## [WHAT TO WORK ON]
A verbatim transcription of the listing below is required, without its pictures.

## [DATA BLOCK]
########################################

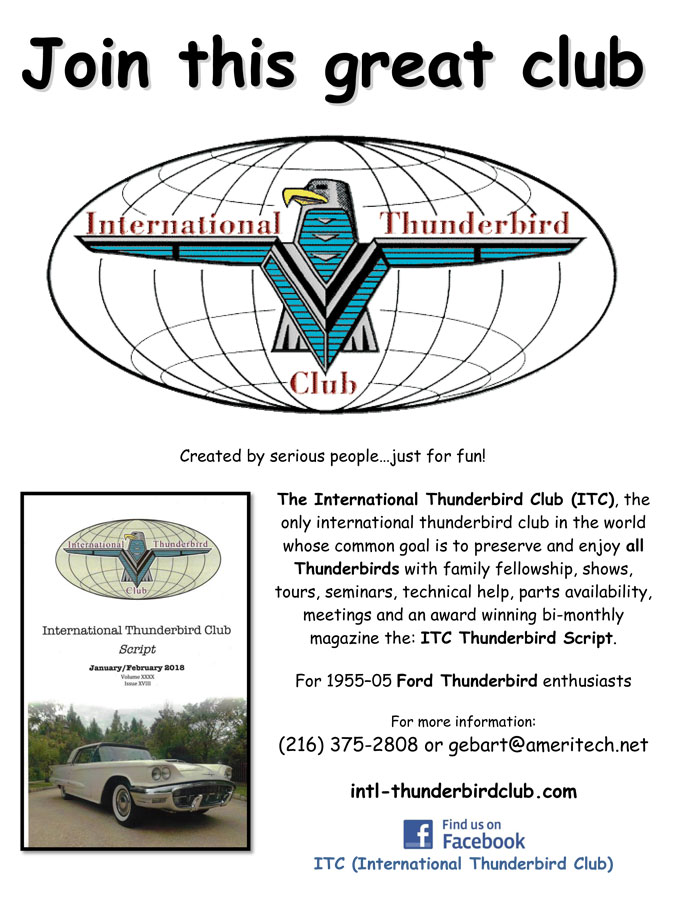 The International Thunderbird Club, the ONLY International Thunderbird Club in the world whose common goal is the preserve and enjoy all Thunderbirds with family fellowship, shows, tours, seminars, technical help, parts availability, meetings and a great bi-monthly magazine the “ITC Thunderbird Script”.
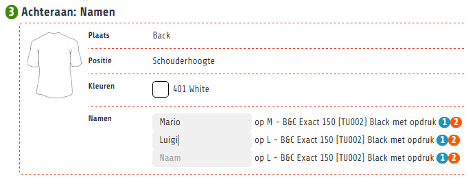 2. Bedrukking van een logo vooraan en achteraan maar op enkele t-shirts moet ook een naam gedrukt worden.
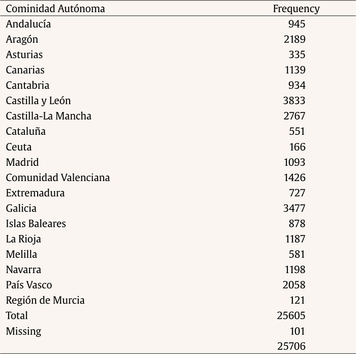 The sample consisted of 25,935 students in the Compulsory Secondary Education (ESO) stage from all over Spain, coming from public educational centers in different academic years (ESO 1st year = 6,627, ESO 2nd year = 6,906, ESO 3rd year = 6,231, ESO 4th year = 6,171). Students’ age ranged from 11 to 18 years (11 years = 112, 12 years = 4,499, 13 years = 5,933, 14 years = 6,054, 15 years = 5,958, 16 years = 2,356, 17 years = 906, 18 years = 117), although students aged 11 and 18 were subsequently removed from the study because they were a very small number of participants. Finally, 25,706 students made up the final sample, with a mean age of 13.94 years (SD = 1.39), where 48.1% of the participants were boys and 51.9% were girls (see Table 1 for the distribution by autonomous communities). The Large Universes formula (Rodríguez-Osuna, 1991) was used to calculate sampling error (see Table 2). The data was collected prior to the COVID-19 pandemic.

########################################

## [ANSWER SPACE]
 The International Thunderbird Club, the ONLY International Thunderbird Club in the world whose common goal is the preserve and enjoy all Thunderbirds with family fellowship, shows, tours, seminars, technical help, parts availability, meetings and a great bi-monthly magazine the “ITC Thunderbird Script”.
 2. Bedrukking van een logo vooraan en achteraan maar op enkele t-shirts moet ook een naam gedrukt worden.
 The sample consisted of 25,935 students in the Compulsory Secondary Education (ESO) stage from all over Spain, coming from public educational centers in different academic years (ESO 1st year = 6,627, ESO 2nd year = 6,906, ESO 3rd year = 6,231, ESO 4th year = 6,171). Students’ age ranged from 11 to 18 years (11 years = 112, 12 years = 4,499, 13 years = 5,933, 14 years = 6,054, 15 years = 5,958, 16 years = 2,356, 17 years = 906, 18 years = 117), although students aged 11 and 18 were subsequently removed from the study because they were a very small number of participants. Finally, 25,706 students made up the final sample, with a mean age of 13.94 years (SD = 1.39), where 48.1% of the participants were boys and 51.9% were girls (see Table 1 for the distribution by autonomous communities). The Large Universes formula (Rodríguez-Osuna, 1991) was used to calculate sampling error (see Table 2). The data was collected prior to the COVID-19 pandemic.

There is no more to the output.